Abel Tasman National Park contains one of New Zealand’s Great Walks – which is a group of nine walks throughout the entire country that the NZ government rates as exceptional, and maintains the walkways, huts and other facilities for anyone to walk along.
The Abel Tasman coast track is a 50km stretch, located in the Northwest portion of the top of the South Island, which most people complete over three days.
Having learned how painful 19.4km was during our Tongariro Crossing (the volcano one) we rationalized that the Abel Tasman track didn’t have the same climbs and disorienting moonscape atmosphere, and therefore wouldn’t be as difficult.
Is it arrogance? Or garden variety delusion?
A: Probably both.
But the one point I won’t fault us on is that we decided to sign up for a PORTION of the track, which we’d walk in a single day.
50km would be crazy. But 20km?
Well. The truth is that is also crazy. The unfortunate part is that we only fully realized it at about the 16km mark.
So, with that, won’t you please join me for a second tale of our gruelling encounter with New Zealand’s wilderness.
The track started off in a boat, which thankfully we had no responsibility for, or this would be a story about a Great Swim.
Called Aquataxis, the small boats run up and down the 50km stretch of coast, dropping people off at the various points that they want to begin their track.
The bonus was that you get to see things you wouldn’t by foot like “Split Apple Rock”.

Plus these guys basking in the sun, exhausted from their previous performance for tourists (Seals. Photo’s hard to tell):

Before getting off the boat, we chatted with some other passengers about the track we were about to walk from our getting off point.
One person said: ” Yeah, I heard it was 8km return walk”. “Really?”, I said. “The woman at our backpackers said it was 6hrs tops, and even that was factoring in a lot of pictures and taking a break to eat”.
To which someone else said: “Yeah, I’d also heard 7 hrs”.
I immediately looked overboard, thinking I should start swimming to the shore to get this epic underway.
Thankfully we made landfall soon after. As people got their bearings, Rose and I waved at everyone over our shoulders as we hustled on to the track, hoping to make it back without the help of a search party.
Once again, New Zealand scenery didn’t disappoint:

The tracks were in really good shape, with a lot of bridge crossings over turquoise coloured water:

And the occasional burst of colour from a local flower

The other interesting thing we learned was that the tide had the highest fluctuation within a single day of the Southern Hemisphere.

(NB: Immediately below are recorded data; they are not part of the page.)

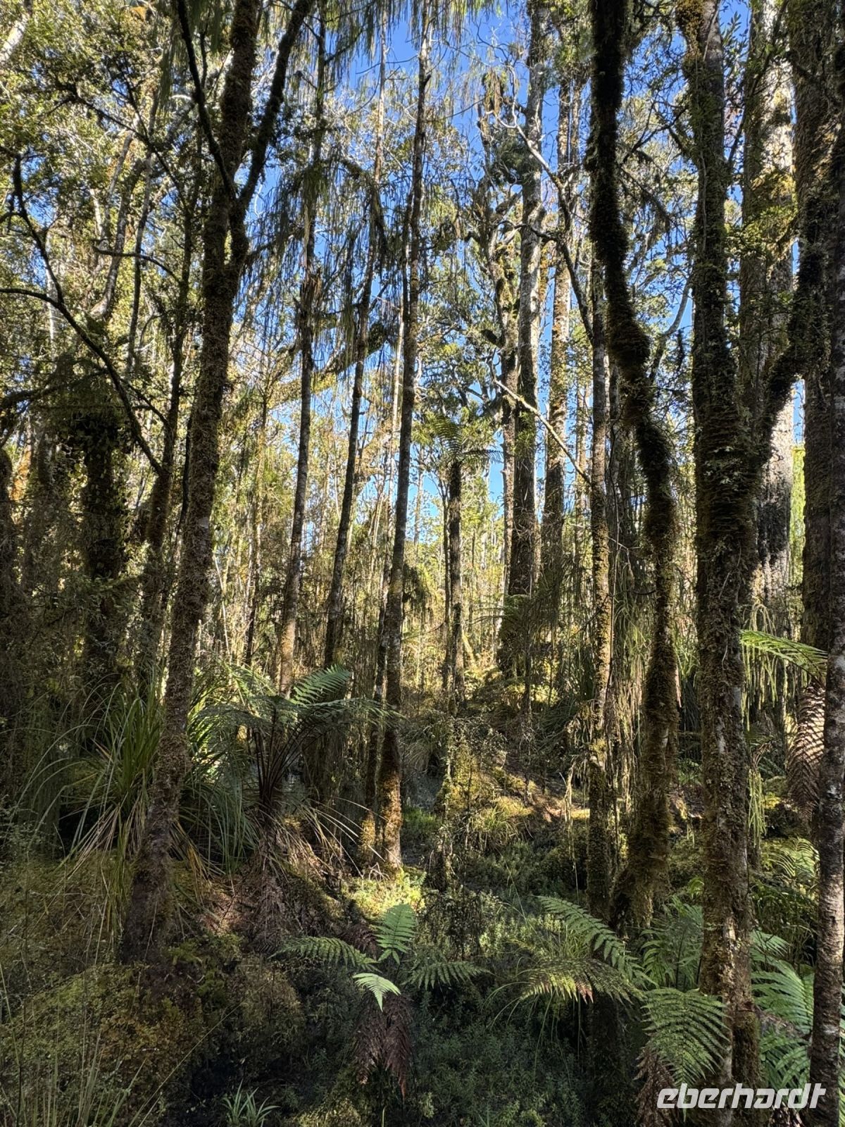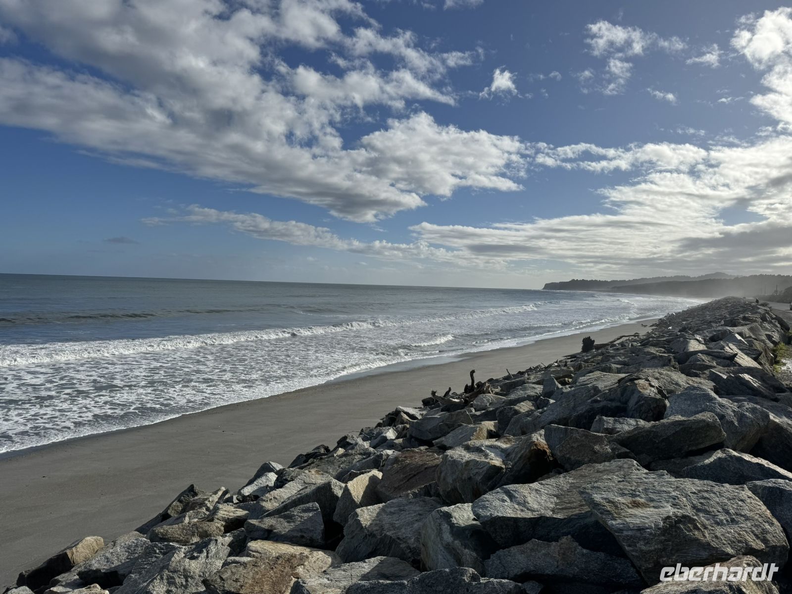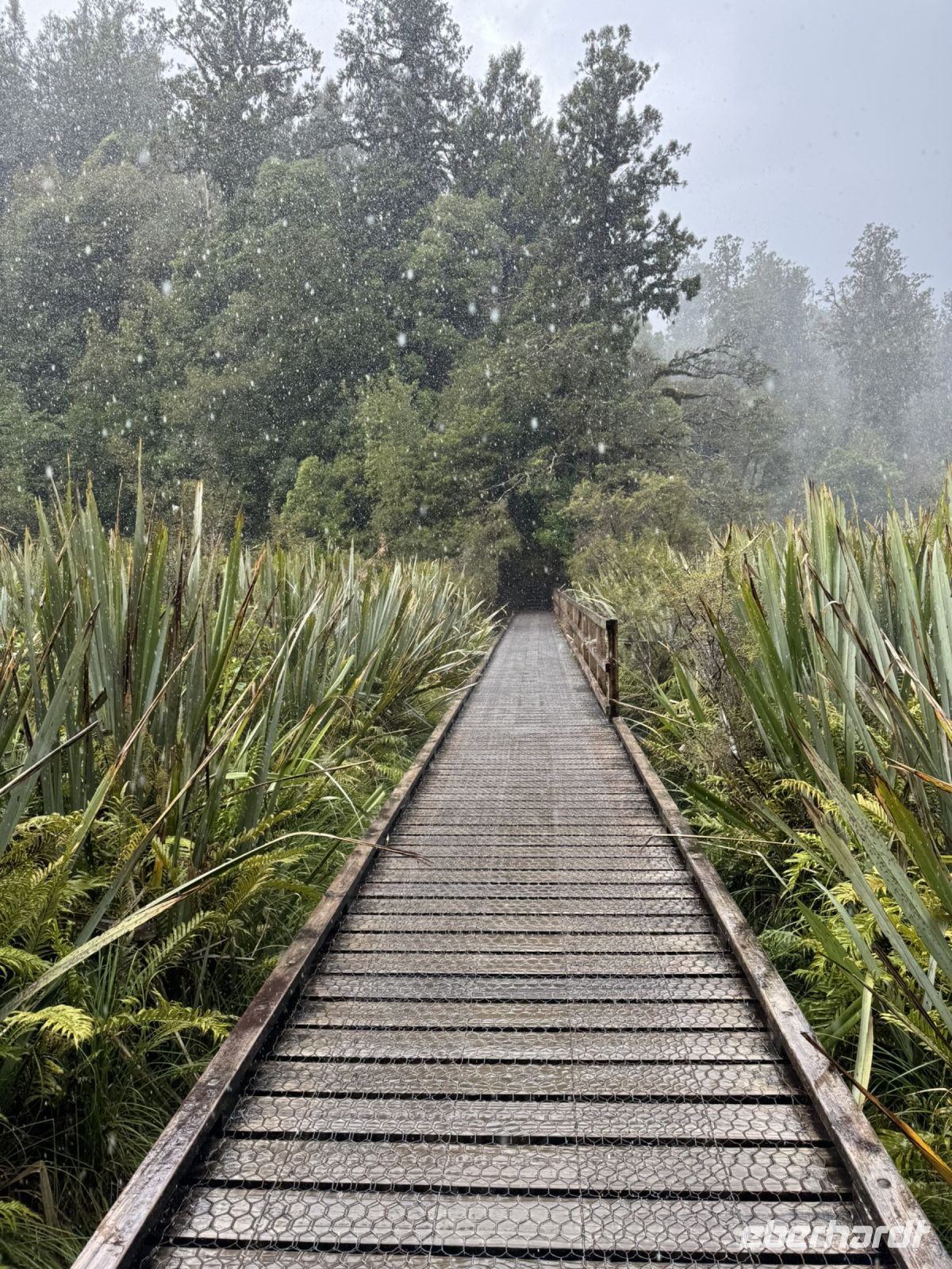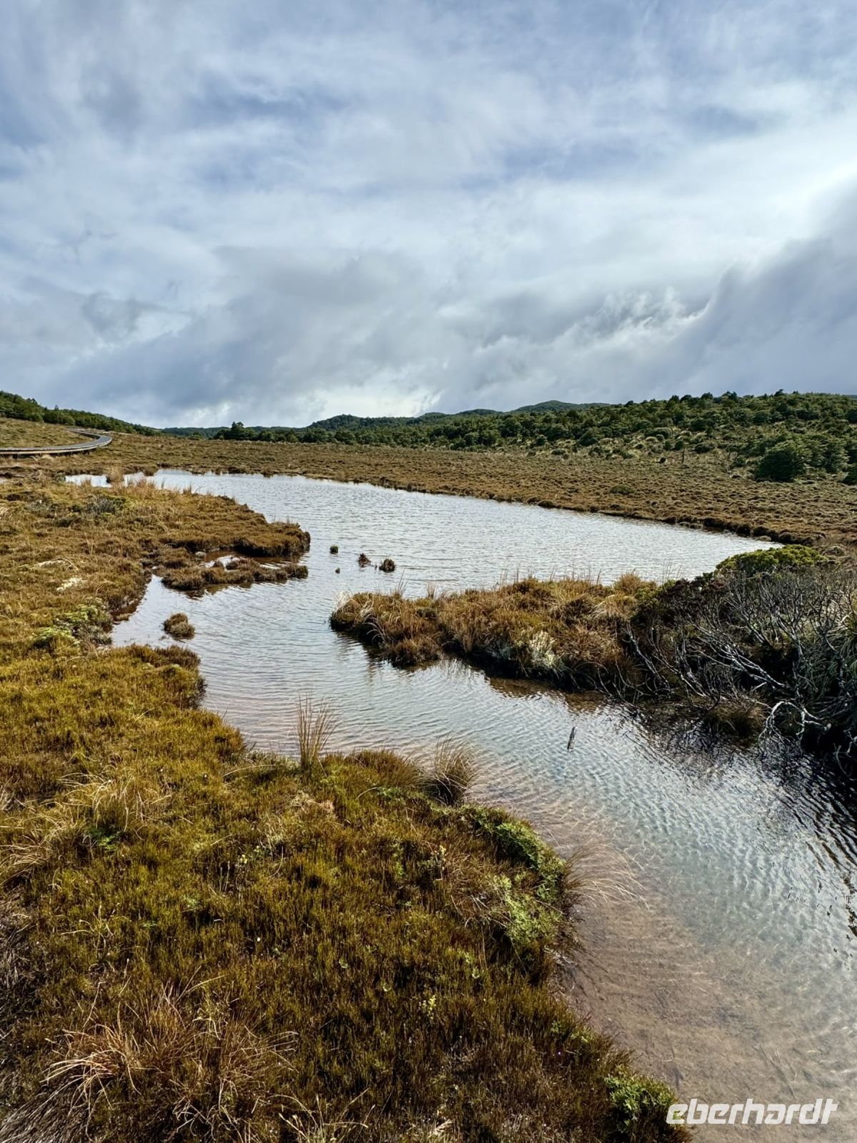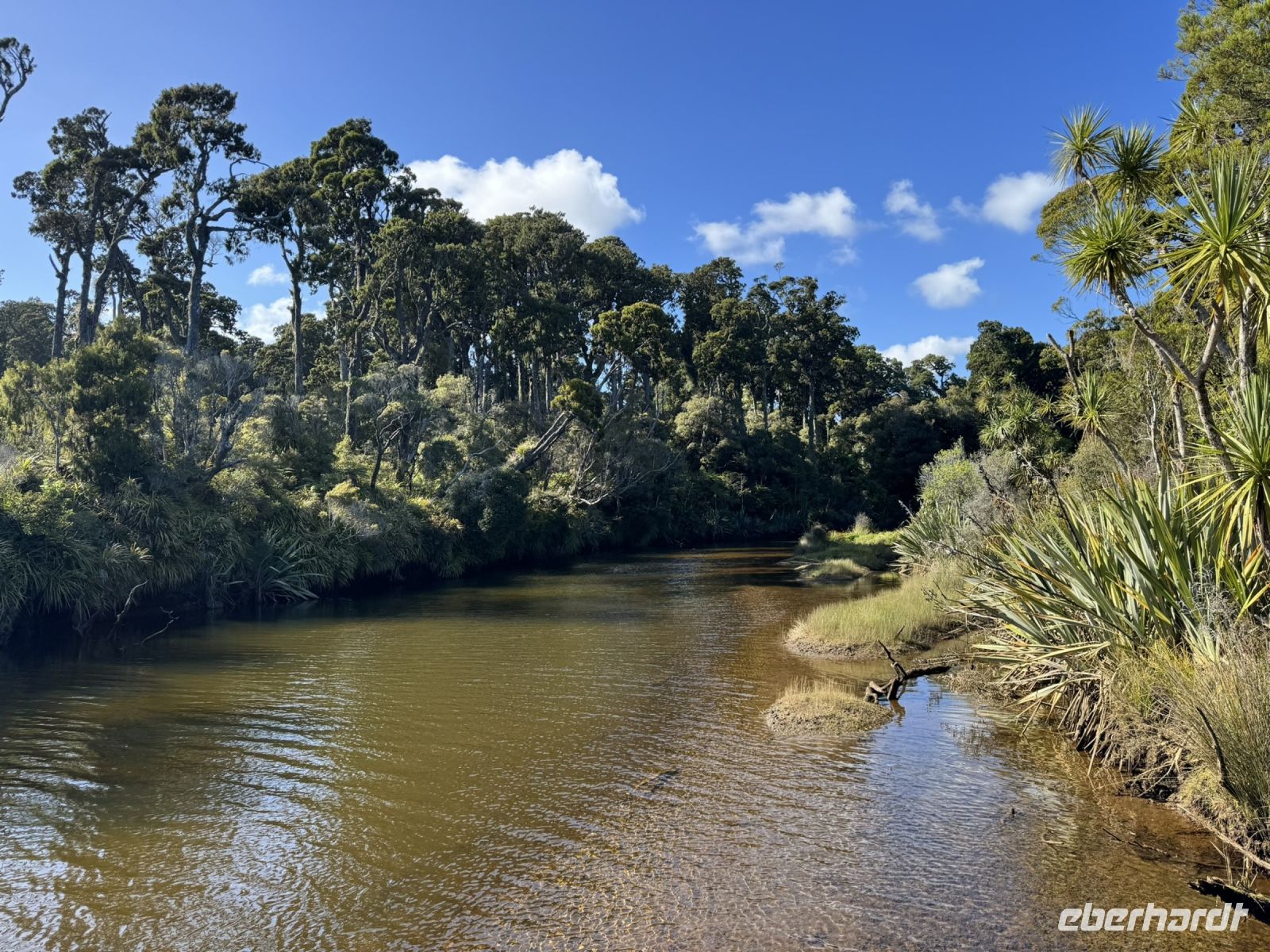 Es hatte die ganze Nacht durchgeregnet und am Anfang des Tages war der Himmel immer noch bedeckt. Deswegen konnte man leider nicht mit dem Helikopter fliegen. Trotzdem fuhren wir entlang der Westküste und machten unterschiedliche Stopps am Strand und am See. Bei Ship Creek fanden wir kleine Dünen, den Tasmal-See und wir spazierten durch den Swamp Forest.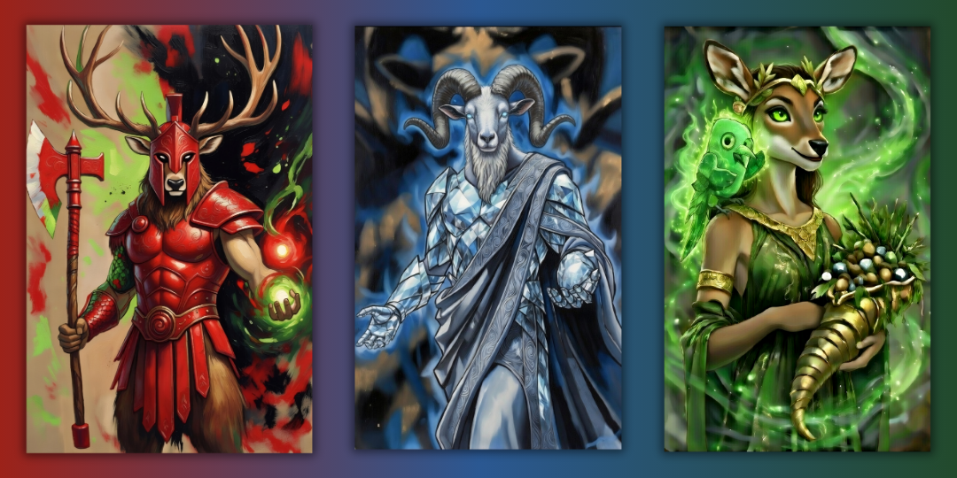 Dē Sē Yey – The protective spirit of Metawood Forest, who grants Blocker of the power of Green Magic. Patient and generous, she is a giant doe holding a cornucopia full of magic treasure.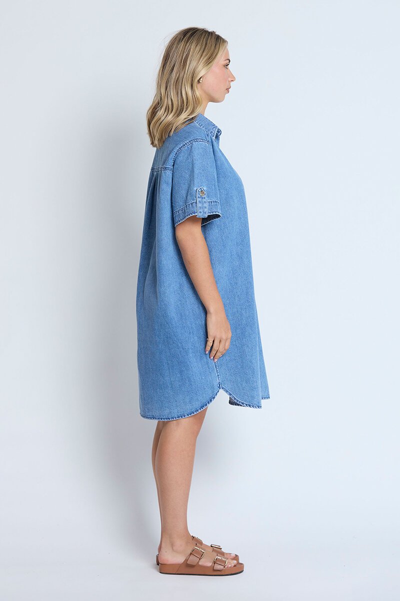 The Stella + Gemma Vinnie Dress is an easy shirt-style denim dress with a relaxed fit, button-through front, short sleeves, and practical pockets. Casual, comfortable, and effortlessly wearable.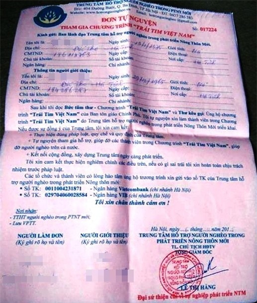 Đơn tự nguyện tham gia chương trình "Trái tim cho em" mà bà Tý sử dụng để mời người dân góp tiền nhận lãi khủng. |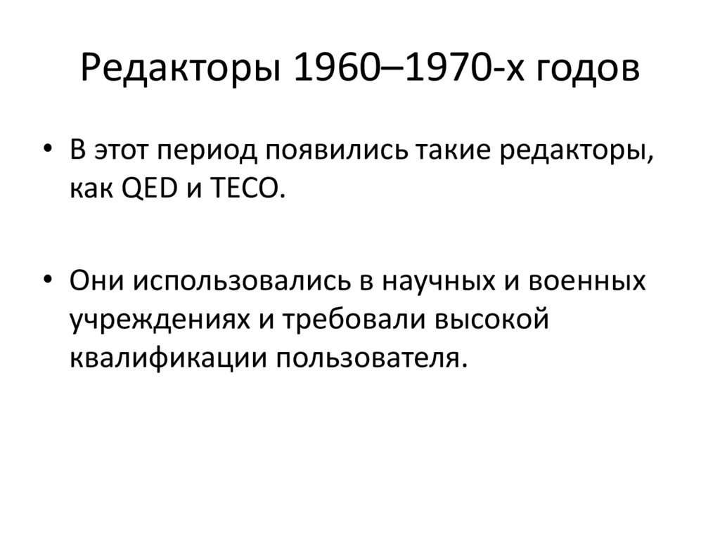 Редакторы 1960–1970-х годов• В этот период появились такие редакторы,
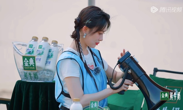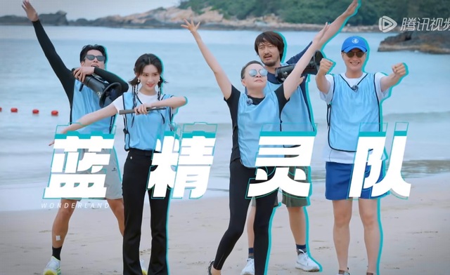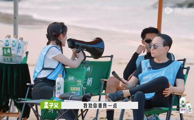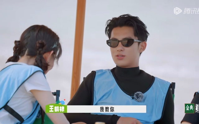 经过两轮的比拼,蓝队领先,王鹤棣看到孟子义待在伞下面,忍不住过去逗她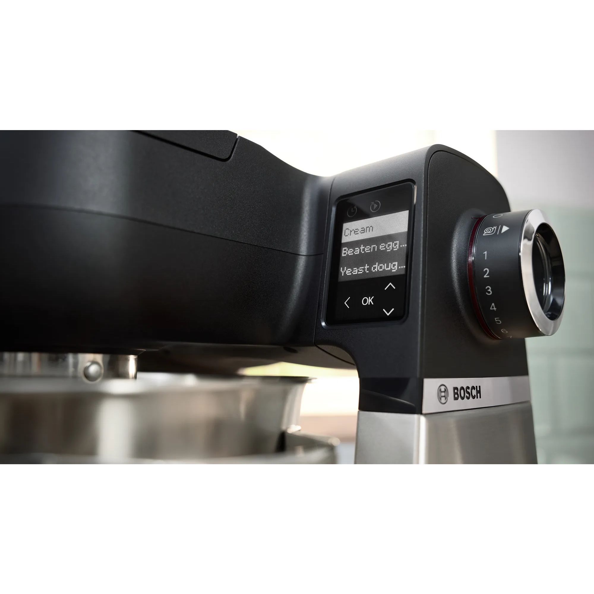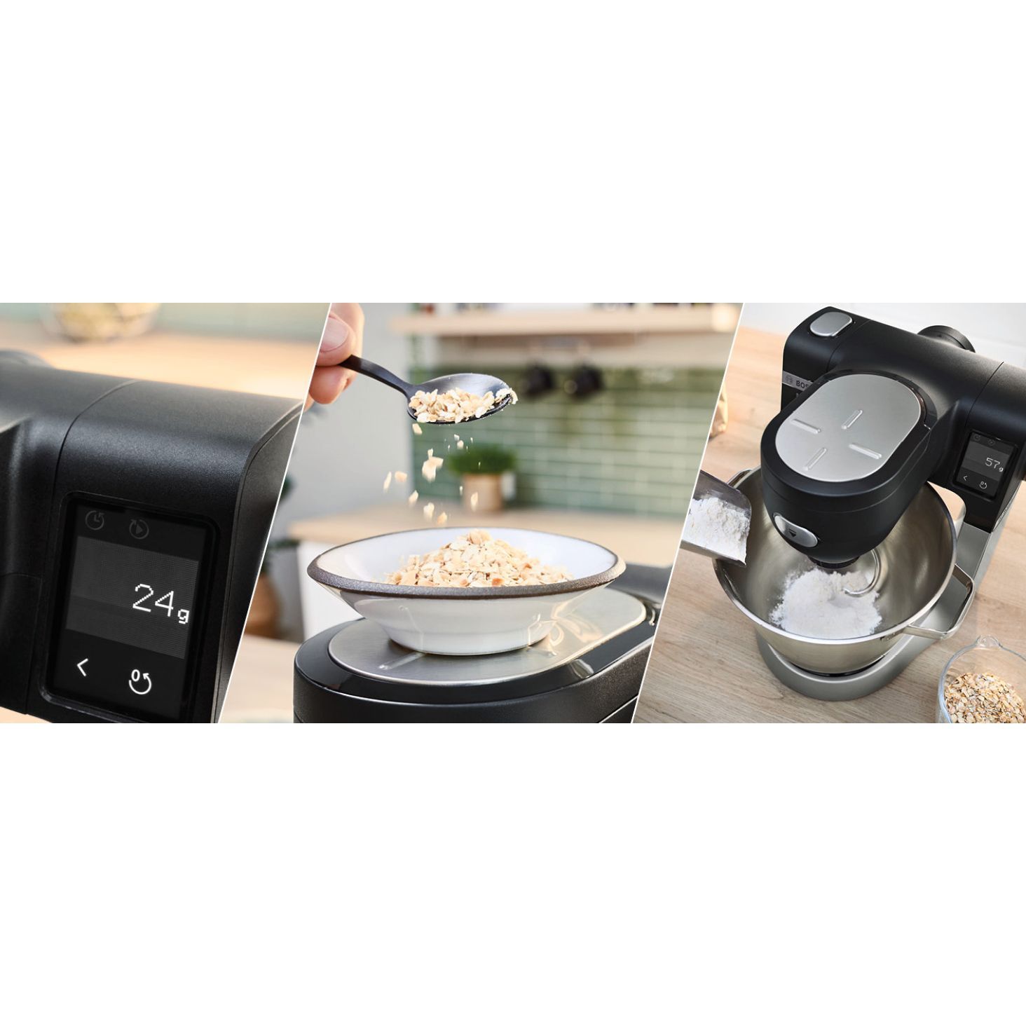 Cântar integrat - Cântărești cantitatea exactă și obții rezultate perfecte. Urmărește cu atenție pașii din rețetă și folosește doar cantitățile de care ai nevoie. Robotul de bucătărie Serie 6 cântărește cu precizie, în trepte de 1 gram. Poți și alte ingrediente, folosind unități de măsură precum ml de ulei, lapte. Poți să cântărești direct în bol sau acesoriile robotului. Cantitățile mici pot fi cântărite pe bratul de mixare, în partea de sus a robotului.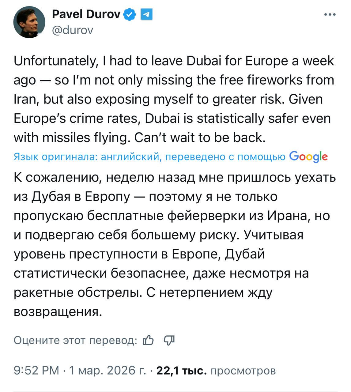 ❗️Идёт атака беспилотников типа «Шахед» на Дубай. Я ловлю кринжуху с этих новостей, как будто таймлайн ещё раз сместился. Через день мы будем читать радостные визги террористов из ксира что в Дубае срут в пакеты.
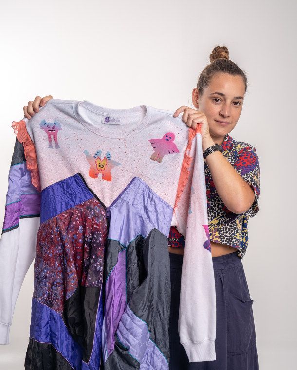 She presented her recycled 90s tracksuits in the Ego de Cibeles catwalk in 2007. The press called her style Sport Deluxe. From that moment, her collections have been part of the Mercedes-Benz Madrid Fashion Week and the 080 Barcelona Fashion. She also sells them in her shop in the Catalonian capital. Read on to discover how she creates two sports outfits out of an old sweatshirt, using upcycling, and see a gallery of her pieces.

Low and high tide could change 10 metres between morning and afternoon, which made for dramatic shots that could easily be construed as a drought. It made me think that environmentalists, if they were devious enough, could easily use as marketing shots for global warming:

About halfway through, we reached a spot of the track which required us to walk across a lake bed to the other side, revealing what seemed like an endless amount of clams and other shellfish for easy snacking by seagulls.
It was shortly after this portion that we hit a steady decline. Couples we’d past en route were now passing us, as our strides turned more into shuffles, and I began to consider asking the next person who passed if I could borrow their cellphone to put in an advance order for a helicopter rescue in about 2hrs when we would surely collapse.
Hungry, I kept seeing shapes of food wherever I looked, like this pig:

which made me think of BLT sandwiches, and how someone could really make a good living by having a BLT stand set up on the side of the trail.
As exhaustion took hold, other ideas that occurred to Rose and I – have a marching band walk down the path in marching band gear, blowing on tubas and trombones purely for the sake of it.
While we were having difficulty, others looked like they had it harder:

Yet, despite our fatigue, the scenery stayed bright and sunny. It got to be a joke that Rose, walking ahead of me, would come to a clearing that had a stunning view of the beach and hills, and I’d reply:

“Whoo. Let me guess? Another screensaver?”.
Improbably, the whole track eventually came to end, just before we did:

That night we slept 12 hrs, and I don’t remember a single dream. It was only when I stood up from bed the next morning that I remember what happened.
Next stop Franz Joseph Glacier + Fox Glacier on the windy roads of the West Coast.

You are getting in great physical shape. And all that in an evironment that has no poisonous critters unlike the place next door; Australia. How did that happen?